Tapping into big data

An industry still focussed on the need to invest through a selection of funds would, with the enhanced use of data, better understand the broader and over the life changing financial needs of its customer. Lifetime solutions and outcomes would be offered, potentially even multi-generational instead of capital being generated over a lifetime, consumed during retirement the remaining part transferred to a next generation at dead. Could it be used better, and more tax efficient during life with for example grandparents freeing capital to support the education of their younger generation; could asset liability management be defined beyond retirement cover.

Big data, new data generated by the Internet, smartphones, satellites and other innovations, could be the source to achieve most of the above. These big data are already translated into valuable information, providing the (investment) analytics and insights, achieved through technologies like natural language processing, image recognition and machine learning. Currently mainly being used to optimise the investment decision process, they would also be used also in the product design and distribution process

Picturing the combination of big data from a company with multiple external and client sources (for example social media, insurance and financial intermediary companies), using the latest analytical technology and creating a culture of collaboration within the company, it would create the needed up to date and regularly revised information for designing the investment products of the future, delivering the envisaged bespoke outcomes of an investor: Artificial Intelligence deriving insights by simulating aspects of human intelligence and analysing vast amount of data.

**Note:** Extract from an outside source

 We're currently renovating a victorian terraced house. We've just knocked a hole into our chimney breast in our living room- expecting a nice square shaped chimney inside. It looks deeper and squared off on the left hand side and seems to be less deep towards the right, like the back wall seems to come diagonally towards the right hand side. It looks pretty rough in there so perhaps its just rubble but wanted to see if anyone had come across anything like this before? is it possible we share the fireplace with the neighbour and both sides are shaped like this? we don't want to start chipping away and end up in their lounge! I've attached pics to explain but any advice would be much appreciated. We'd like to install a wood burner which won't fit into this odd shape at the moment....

An Asset and Wealth manager will also be ensuring outcomes are delivered within the right framework of Economic and Social Governance (ESG). Not just within the investment decision process but equally within its own organisation. Its employees will be a reflection of the diversity of the society we live in and operating within an environment of collaboration with pay gaps or any other inequality being a thing of the past. The new technology will be used to its full potential to drive human-centred transformation and innovation at scale.

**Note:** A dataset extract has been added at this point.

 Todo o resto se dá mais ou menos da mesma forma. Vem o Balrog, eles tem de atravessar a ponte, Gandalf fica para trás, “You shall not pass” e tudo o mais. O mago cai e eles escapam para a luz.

Such a canvas can only be filled if it is supported by a target operating model that has a pallet to take these changes into account (being agile and innovative) and continues to operate within an ever-changing regulatory environment. Technology like blockchain, machine learning, artificial/augmented intelligence, robotics will be widespread implemented and supporting a further alignment between investment, KYC, AML, client communication and governance processes. Those processes that have little or no added value will be made redundant by it. Overall IT security, more specific cyber security and privacy (data) protection, will have been lifted to the highest standards to ensure continued trusted relationships.

Covid-19 needs to be more than a clean-up of the colours of the painting and putting a new frame around the canvas. The Wealth and Asset Management industry should follow in the footsteps of Picasso. His Las Meninas series of 58 paintings were created by intense analysis and reinterpretation of 400-year-old Las Meninas by Diego Velázquez.

Should we analyse and reconfigure the Wealth and Asset management industry in 58 ways, we would see innovation and improvements for decades to come.